Data for this exercise:

**********

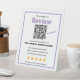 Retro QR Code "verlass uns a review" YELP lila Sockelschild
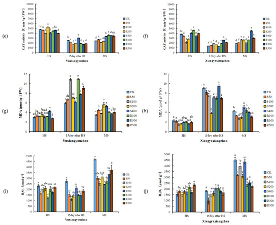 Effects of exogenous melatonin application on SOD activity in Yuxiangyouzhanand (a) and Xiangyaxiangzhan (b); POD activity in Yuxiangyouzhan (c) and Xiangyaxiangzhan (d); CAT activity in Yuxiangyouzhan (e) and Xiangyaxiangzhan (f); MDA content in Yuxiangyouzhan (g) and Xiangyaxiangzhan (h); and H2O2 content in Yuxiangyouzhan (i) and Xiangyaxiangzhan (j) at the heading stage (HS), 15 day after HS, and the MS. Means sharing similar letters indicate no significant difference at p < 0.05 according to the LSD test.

**********

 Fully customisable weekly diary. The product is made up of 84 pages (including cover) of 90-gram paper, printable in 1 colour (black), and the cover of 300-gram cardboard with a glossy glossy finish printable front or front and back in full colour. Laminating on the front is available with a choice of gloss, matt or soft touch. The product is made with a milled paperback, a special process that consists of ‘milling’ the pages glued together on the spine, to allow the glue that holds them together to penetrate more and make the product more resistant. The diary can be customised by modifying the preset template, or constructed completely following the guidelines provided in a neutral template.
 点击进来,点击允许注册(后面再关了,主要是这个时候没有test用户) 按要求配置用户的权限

**********

Work required: Transcribe, exactly and without pictures, everything in the data from the line with "Retro QR Code" down to the line with "Effects of exogenous", both included.

Answer box:
 Retro QR Code "verlass uns a review" YELP lila Sockelschild
 Effects of exogenous melatonin application on SOD activity in Yuxiangyouzhanand (a) and Xiangyaxiangzhan (b); POD activity in Yuxiangyouzhan (c) and Xiangyaxiangzhan (d); CAT activity in Yuxiangyouzhan (e) and Xiangyaxiangzhan (f); MDA content in Yuxiangyouzhan (g) and Xiangyaxiangzhan (h); and H2O2 content in Yuxiangyouzhan (i) and Xiangyaxiangzhan (j) at the heading stage (HS), 15 day after HS, and the MS. Means sharing similar letters indicate no significant difference at p < 0.05 according to the LSD test.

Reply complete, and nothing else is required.